At dClimate we are always researching ways of storing climate data in ways that are not only cloud-optimized but can leverage web3/p2p concepts such as trustlessness and immutability while at the same time not sacrificing on performance. The traditional GIS space has the tried and tested file formats such as NetCDF, Grib, TIFF, and more recently Zarr but we are curious what other novel data structures in the research space can assist us in addressing one of the biggest problems of our time.

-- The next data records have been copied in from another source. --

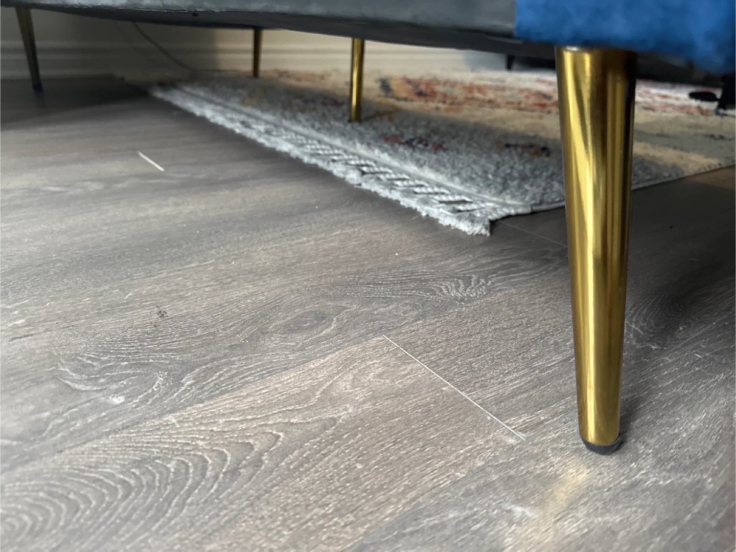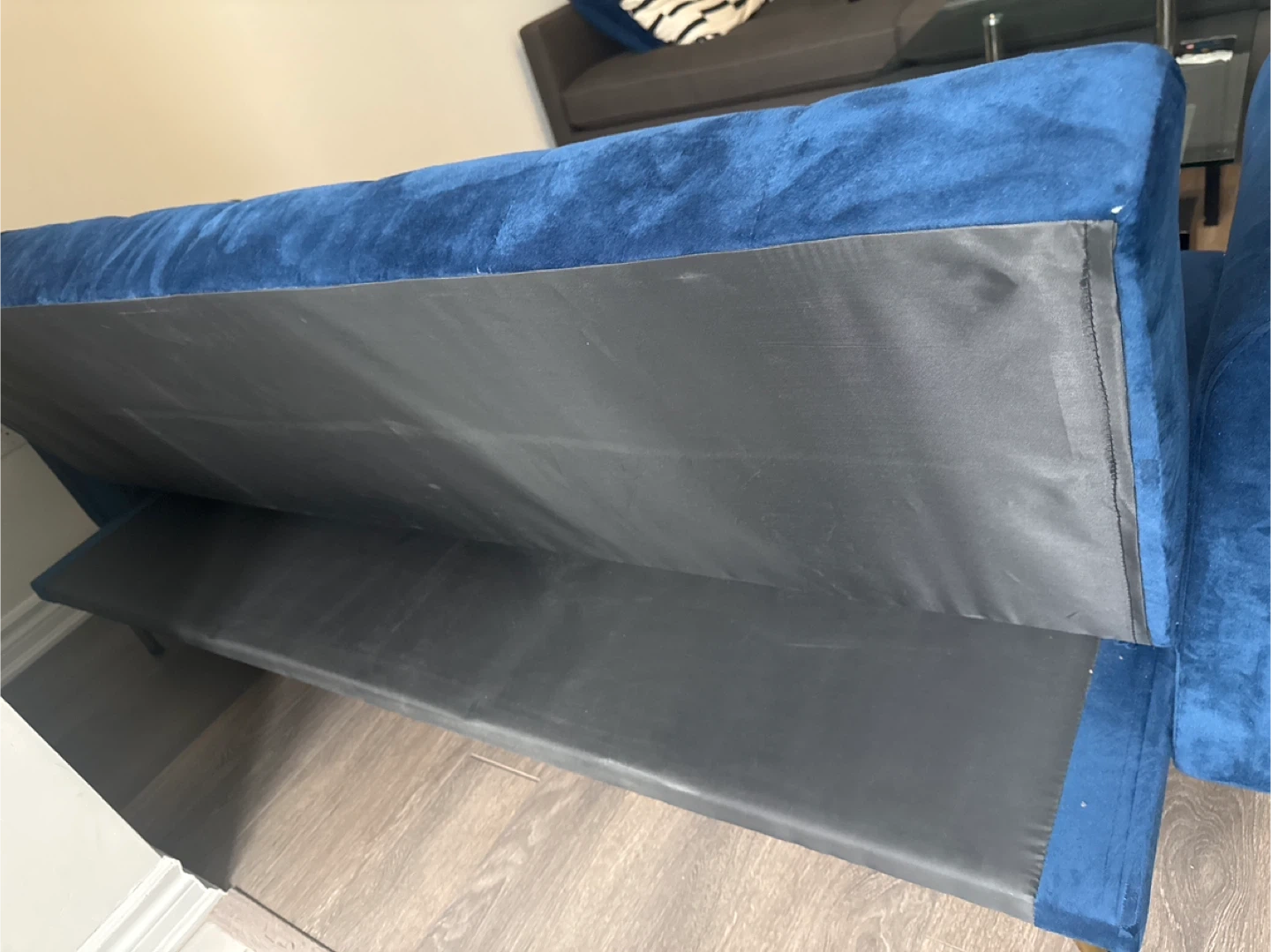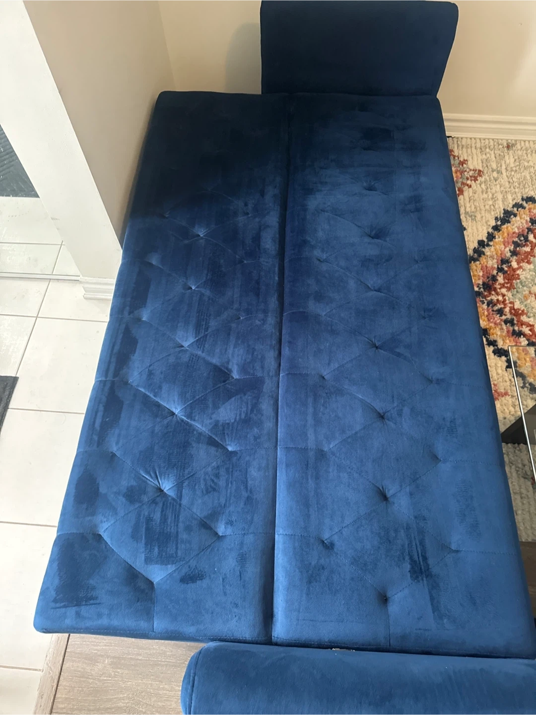 Stylish blue velvet sofa bed. It features a tufted design and rests on elegant gold-toned legs. Folds out for extra sleeping space. No pet no smoking no kids used very good condition. I bought only six months moving sale.
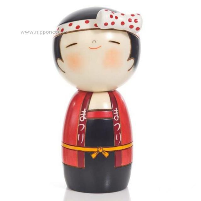 Japonská panenka Kokeshi Wassyoi představuje šťastnou dívku oblečenou do tradičního kabátu happi, který mladí lidé nosí během japonských festivalů.
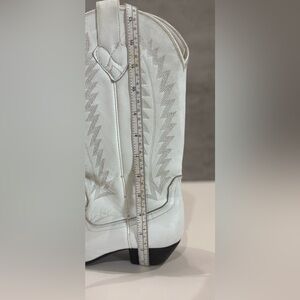 Oak Tree Farms White Leather Western Pull On Snip Toe Boots Size 6.5

Before we began our path to converting NetCDFs to Zarr natively on IPFS, which you can read about here, we had been exploring ways to store gridded data on IPFS without compromising query performance or storage space. In our research we came across various implementations of Quadtrees and then via papers on storing sparse web graphs, the k² Time Series Raster. The papers had mentioned 10-10,000x querying speed improvement over NetCDF and Geotiff while also being compressed out of the box. Some of the "cons" were that the approach was experimental, data would have to be pre-processed, schemas would have to be implemented in IPLD(still a todo!) alongside a general lack of import support / would require transformers/codecs (in IPLD) for deserialization support elsewhere (ArcGIS, QGIS etc). Nevertheless since an implementation did not yet exist we figured it would be a worthwhile endeavor to pursue.

Overview

The dcdf library is a Rust implementation(with a Python Wrapper interface) of the Heuristic K^2 Raster algorithm as outlined in the paper, "Space-efficient representations of raster time series" by Silva Coira, Paramá, de Bernardo, and Seco.. This implementation is focused on encoding, publishing, and reading time series raster climate data on distributed content-adddressable storage on IPFS leveraging IPLD for data modeling.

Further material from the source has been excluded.